* _Supplied material_
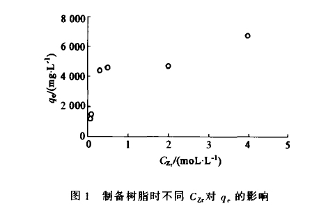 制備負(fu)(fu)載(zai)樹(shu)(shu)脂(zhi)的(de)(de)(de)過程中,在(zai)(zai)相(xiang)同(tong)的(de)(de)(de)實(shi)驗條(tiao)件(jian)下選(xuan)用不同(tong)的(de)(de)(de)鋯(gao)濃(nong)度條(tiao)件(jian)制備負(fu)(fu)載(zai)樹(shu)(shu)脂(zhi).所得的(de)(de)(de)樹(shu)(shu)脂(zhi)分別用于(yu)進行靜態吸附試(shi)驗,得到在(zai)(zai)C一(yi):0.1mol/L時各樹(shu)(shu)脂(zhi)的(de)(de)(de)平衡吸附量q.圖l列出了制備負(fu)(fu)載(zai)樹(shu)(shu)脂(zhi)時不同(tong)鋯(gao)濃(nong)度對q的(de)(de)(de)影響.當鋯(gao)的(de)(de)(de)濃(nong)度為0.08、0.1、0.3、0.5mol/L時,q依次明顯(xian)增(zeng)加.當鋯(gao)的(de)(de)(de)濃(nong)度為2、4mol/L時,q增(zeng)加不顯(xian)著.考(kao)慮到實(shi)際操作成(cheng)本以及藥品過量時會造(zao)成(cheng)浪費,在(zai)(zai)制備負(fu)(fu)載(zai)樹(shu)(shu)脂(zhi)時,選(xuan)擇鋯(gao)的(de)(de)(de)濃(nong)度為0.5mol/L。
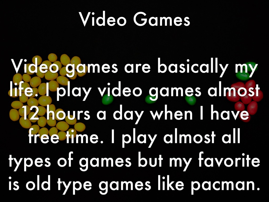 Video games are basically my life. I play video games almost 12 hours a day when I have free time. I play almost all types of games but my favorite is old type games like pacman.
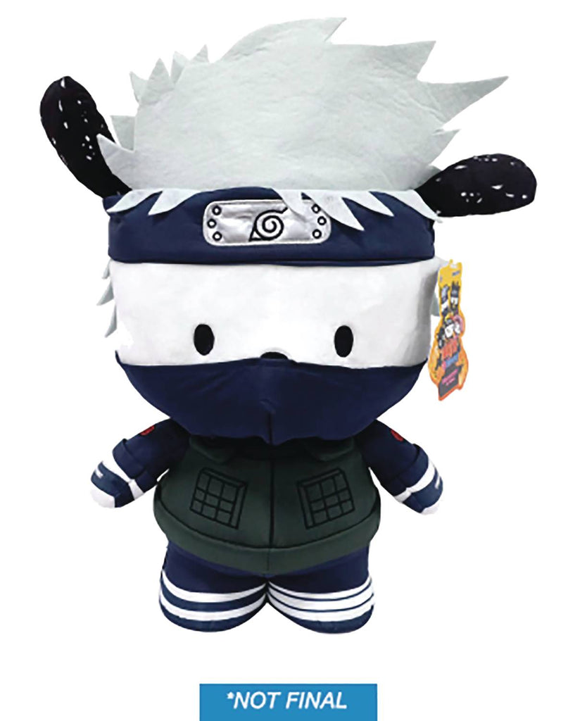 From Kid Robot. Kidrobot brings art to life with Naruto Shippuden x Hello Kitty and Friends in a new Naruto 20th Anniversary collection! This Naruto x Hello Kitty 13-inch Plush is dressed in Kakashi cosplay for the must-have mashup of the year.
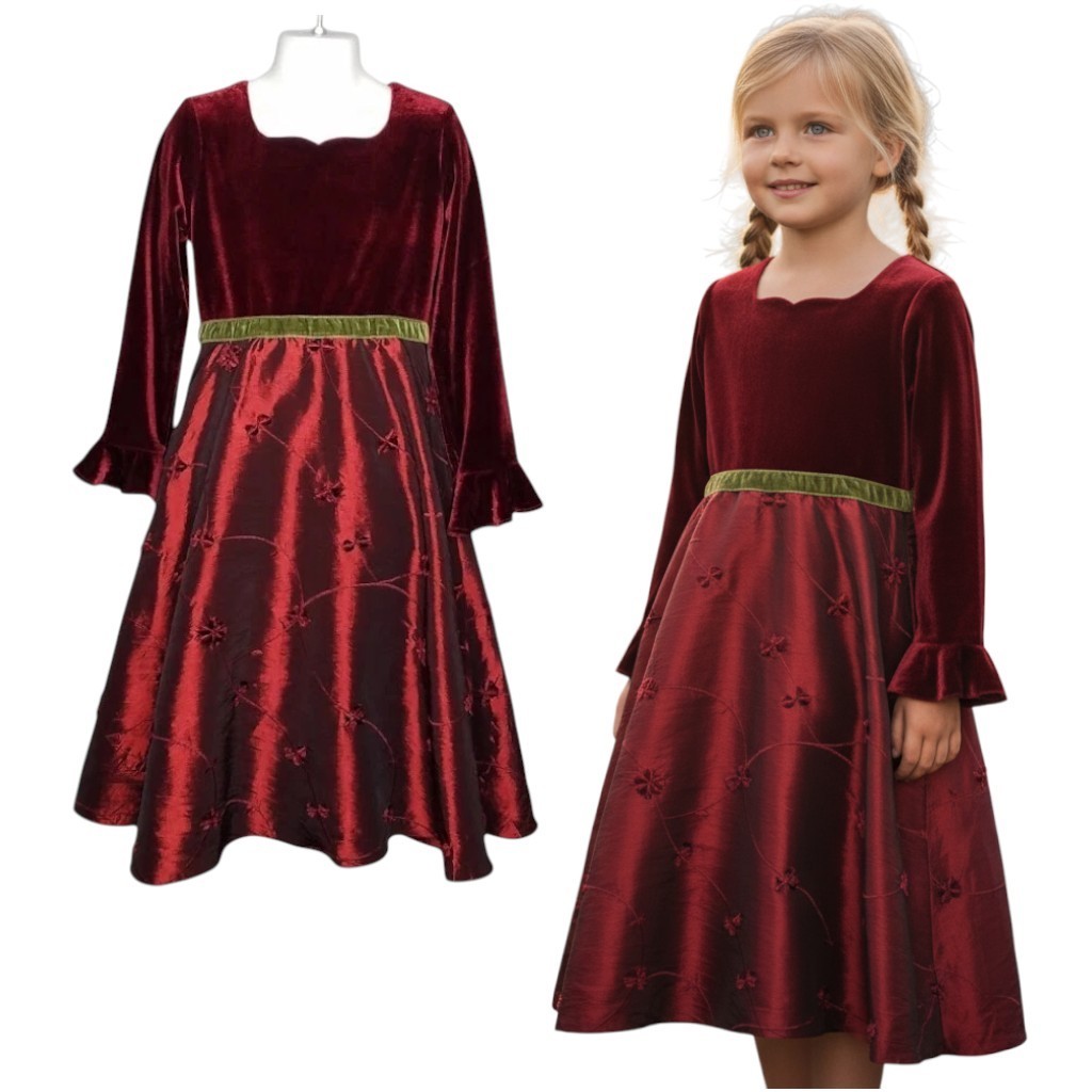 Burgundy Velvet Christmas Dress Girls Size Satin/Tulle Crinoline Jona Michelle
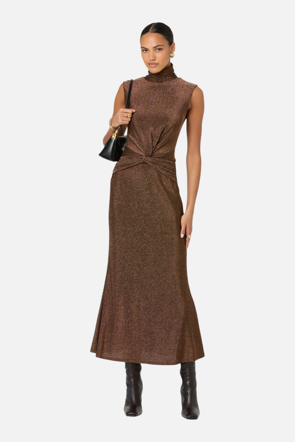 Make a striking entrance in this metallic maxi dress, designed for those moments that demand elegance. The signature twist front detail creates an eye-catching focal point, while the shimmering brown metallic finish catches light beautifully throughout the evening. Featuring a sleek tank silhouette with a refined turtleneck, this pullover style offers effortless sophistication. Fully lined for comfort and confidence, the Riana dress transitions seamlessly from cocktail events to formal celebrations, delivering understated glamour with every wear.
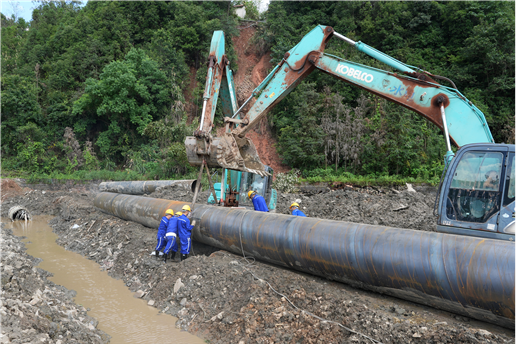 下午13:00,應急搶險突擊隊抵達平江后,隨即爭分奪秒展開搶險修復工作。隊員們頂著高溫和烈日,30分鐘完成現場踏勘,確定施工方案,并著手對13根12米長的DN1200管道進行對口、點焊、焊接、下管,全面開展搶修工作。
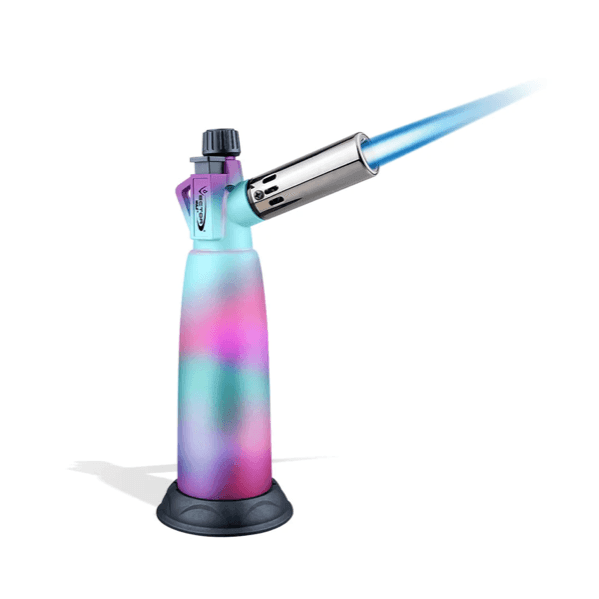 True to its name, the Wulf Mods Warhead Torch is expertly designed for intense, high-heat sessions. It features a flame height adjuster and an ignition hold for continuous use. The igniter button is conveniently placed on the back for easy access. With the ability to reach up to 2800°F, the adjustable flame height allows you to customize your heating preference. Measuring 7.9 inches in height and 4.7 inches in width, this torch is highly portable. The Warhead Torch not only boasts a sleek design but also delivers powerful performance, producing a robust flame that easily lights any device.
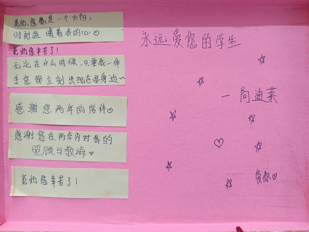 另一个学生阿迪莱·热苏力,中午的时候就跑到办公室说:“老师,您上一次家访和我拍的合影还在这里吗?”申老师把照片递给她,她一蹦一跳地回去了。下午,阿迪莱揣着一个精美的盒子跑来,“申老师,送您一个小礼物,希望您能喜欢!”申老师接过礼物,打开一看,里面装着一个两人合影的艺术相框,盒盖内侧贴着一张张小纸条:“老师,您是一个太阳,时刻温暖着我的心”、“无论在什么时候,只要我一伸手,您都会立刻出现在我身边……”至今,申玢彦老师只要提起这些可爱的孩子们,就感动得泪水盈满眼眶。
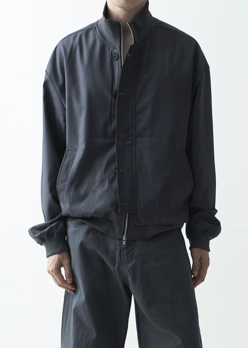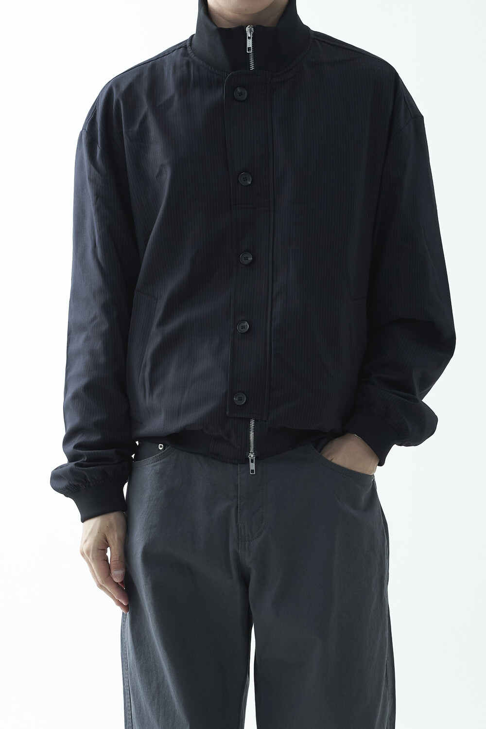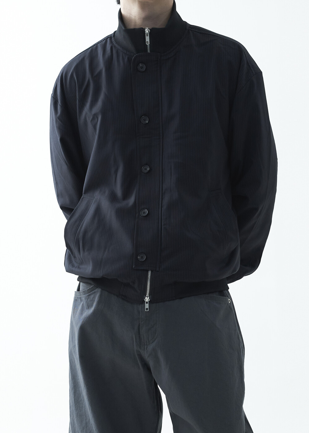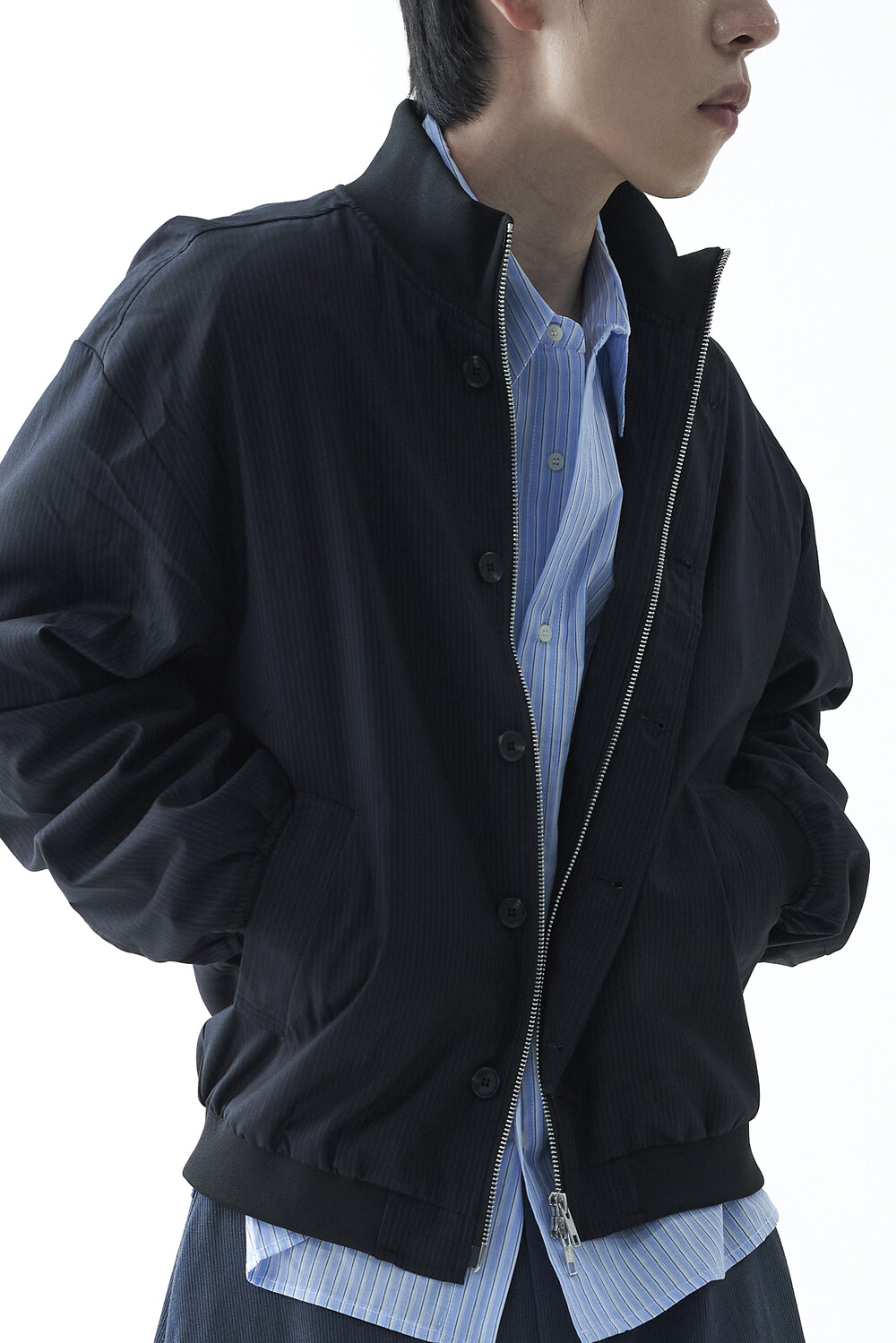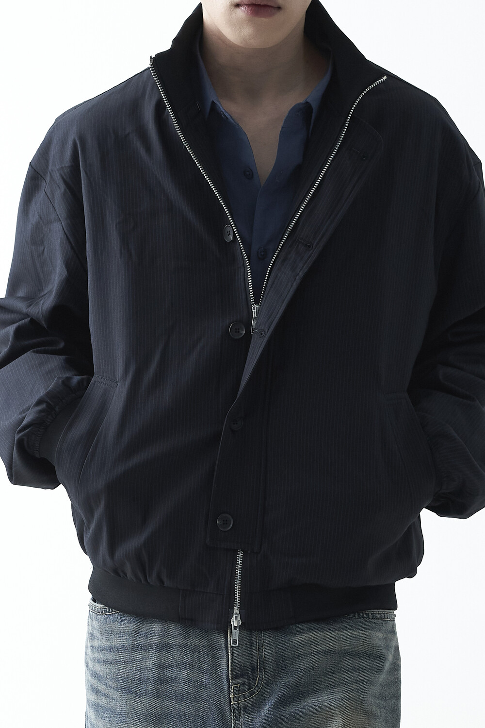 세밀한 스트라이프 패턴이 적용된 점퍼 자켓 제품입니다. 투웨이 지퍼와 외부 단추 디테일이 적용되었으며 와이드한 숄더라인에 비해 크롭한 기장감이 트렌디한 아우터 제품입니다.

* _Assignment_
Excluding every picture, write out each record word for word.

* _Output for this task_
 制備負(fu)(fu)載(zai)樹(shu)(shu)脂(zhi)的(de)(de)(de)過程中,在(zai)(zai)相(xiang)同(tong)的(de)(de)(de)實(shi)驗條(tiao)件(jian)下選(xuan)用不同(tong)的(de)(de)(de)鋯(gao)濃(nong)度條(tiao)件(jian)制備負(fu)(fu)載(zai)樹(shu)(shu)脂(zhi).所得的(de)(de)(de)樹(shu)(shu)脂(zhi)分別用于(yu)進行靜態吸附試(shi)驗,得到在(zai)(zai)C一(yi):0.1mol/L時各樹(shu)(shu)脂(zhi)的(de)(de)(de)平衡吸附量q.圖l列出了制備負(fu)(fu)載(zai)樹(shu)(shu)脂(zhi)時不同(tong)鋯(gao)濃(nong)度對q的(de)(de)(de)影響.當鋯(gao)的(de)(de)(de)濃(nong)度為0.08、0.1、0.3、0.5mol/L時,q依次明顯(xian)增(zeng)加.當鋯(gao)的(de)(de)(de)濃(nong)度為2、4mol/L時,q增(zeng)加不顯(xian)著.考(kao)慮到實(shi)際操作成(cheng)本以及藥品過量時會造(zao)成(cheng)浪費,在(zai)(zai)制備負(fu)(fu)載(zai)樹(shu)(shu)脂(zhi)時,選(xuan)擇鋯(gao)的(de)(de)(de)濃(nong)度為0.5mol/L。
 Video games are basically my life. I play video games almost 12 hours a day when I have free time. I play almost all types of games but my favorite is old type games like pacman.
 From Kid Robot. Kidrobot brings art to life with Naruto Shippuden x Hello Kitty and Friends in a new Naruto 20th Anniversary collection! This Naruto x Hello Kitty 13-inch Plush is dressed in Kakashi cosplay for the must-have mashup of the year.
 Burgundy Velvet Christmas Dress Girls Size Satin/Tulle Crinoline Jona Michelle
 Make a striking entrance in this metallic maxi dress, designed for those moments that demand elegance. The signature twist front detail creates an eye-catching focal point, while the shimmering brown metallic finish catches light beautifully throughout the evening. Featuring a sleek tank silhouette with a refined turtleneck, this pullover style offers effortless sophistication. Fully lined for comfort and confidence, the Riana dress transitions seamlessly from cocktail events to formal celebrations, delivering understated glamour with every wear.
 下午13:00,應急搶險突擊隊抵達平江后,隨即爭分奪秒展開搶險修復工作。隊員們頂著高溫和烈日,30分鐘完成現場踏勘,確定施工方案,并著手對13根12米長的DN1200管道進行對口、點焊、焊接、下管,全面開展搶修工作。
 True to its name, the Wulf Mods Warhead Torch is expertly designed for intense, high-heat sessions. It features a flame height adjuster and an ignition hold for continuous use. The igniter button is conveniently placed on the back for easy access. With the ability to reach up to 2800°F, the adjustable flame height allows you to customize your heating preference. Measuring 7.9 inches in height and 4.7 inches in width, this torch is highly portable. The Warhead Torch not only boasts a sleek design but also delivers powerful performance, producing a robust flame that easily lights any device.
 另一个学生阿迪莱·热苏力,中午的时候就跑到办公室说:“老师,您上一次家访和我拍的合影还在这里吗?”申老师把照片递给她,她一蹦一跳地回去了。下午,阿迪莱揣着一个精美的盒子跑来,“申老师,送您一个小礼物,希望您能喜欢!”申老师接过礼物,打开一看,里面装着一个两人合影的艺术相框,盒盖内侧贴着一张张小纸条:“老师,您是一个太阳,时刻温暖着我的心”、“无论在什么时候,只要我一伸手,您都会立刻出现在我身边……”至今,申玢彦老师只要提起这些可爱的孩子们,就感动得泪水盈满眼眶。
 세밀한 스트라이프 패턴이 적용된 점퍼 자켓 제품입니다. 투웨이 지퍼와 외부 단추 디테일이 적용되었으며 와이드한 숄더라인에 비해 크롭한 기장감이 트렌디한 아우터 제품입니다.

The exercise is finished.